Founder Message

Diana Joyjuice

Diana Marie Lee

Have you ever wanted to feel more “alive” in your work and daily life? Have you ever felt and thought “there must be a better way to work and live my life”? Have you ever had a dream you were afraid to follow?

Well, if your answer is yes, I would love to hear your stories and share my own. I would love to figure out together how we can reclaim the “sweetness” in our work and our daily lives. For each of us to find the courage to follow our dreams and do what makes us “come alive”. As one of my inspirational models Howard Thurman once suggested…

“Don’t ask yourself what the world needs; ask yourself what makes you come alive. And then go and do that. Because what the world needs is people who have come alive.”

After spending 22 years in public health and community development, I embarked on a healing journey that began in 2009 and eventually launched my own business, Sweet Livity™ LLC. I am good at helping individuals and organizations do what they do with better results and without sacrificing their values and their well-being.  I love building diverse teams, resolving conflicts and having fun with the people I work with.  I am a commitment to helping people and businesses serve their communities with equity, excellence, purpose, aliveness and fun. In service of this commitment, I support clients to work in diverse cultural contexts so that everyone, regardless of identity and background, can fully engage in the organizational or community work with their whole, authentic powerful self.

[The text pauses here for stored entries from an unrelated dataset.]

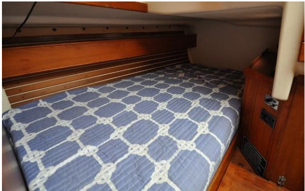
Nonsuch 36 - nee Duette - Quarter Berth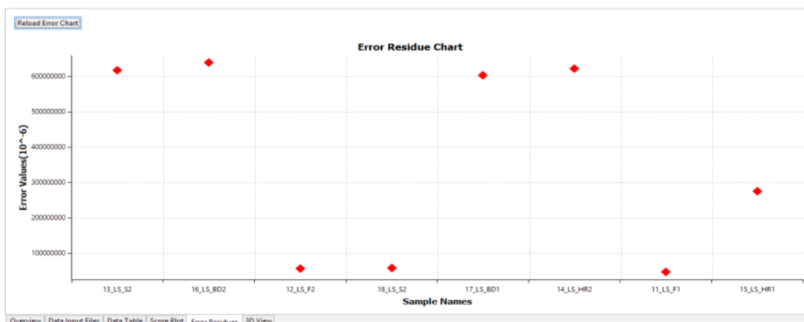
Figure 2: The residual error of PCA model for determination of optimum principle components used in PCA model.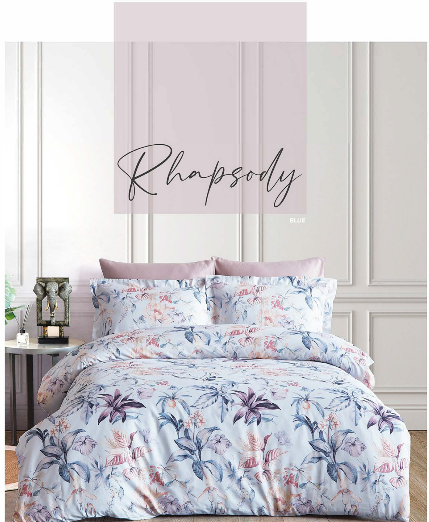
Rhapsody Single Size / Double Size 100% Cotton

I founded Sweet Livity™ because I believe that a world of possibilities opens up when you are inspired, happy and healthy in your work and daily life. I believe in the possibility that every workplace can become a healthier space where everyone including someone like me can thrive.

I began working at the age of sixteen and until I launched Sweet Livity™, I was either fired from or quit every job I had.  If I quit, it was always because of some workplace injustice that I couldn’t live with.  If I was fired, it was because I was the only “one” or one of a few who looked like me and I was so scared to mess up or fail that I was afraid to ask for help.  I was flailing and failing. I felt that if I didn’t succeed, I would make it that much harder for the next person who shared my intersecting identities to make it through the door.

I remember how I felt as a child watching my mother, a special education teacher who loved her work and her students, come home stressed out from an incident at work where she felt mistreated or harassed by management or other teachers.

Years later, I found myself doing work that I loved with people that I loved. But somehow in pursuing our social justice mission, we lost sight of how we were treating each other. While we were doing amazing good work in the communities we centered, inside our organization we were co-creating a toxic unhealthy work environment. I became very ill. I realized that if I stayed, I would either literally not survive or I would not like the person I would have to become to thrive in a toxic unhealthy work environment. So, I left a 6-figure job with benefits and went on a healing journey.

Along my healing journey which continues today, I found a purpose to shift how we think about and practice the work of social justice. To shift the workplace cultures from where we do our good work, whether we are for profit, nonprofit, government, academic or grassroots organizations. Everyone deserves to breathe inside the spaces where we work!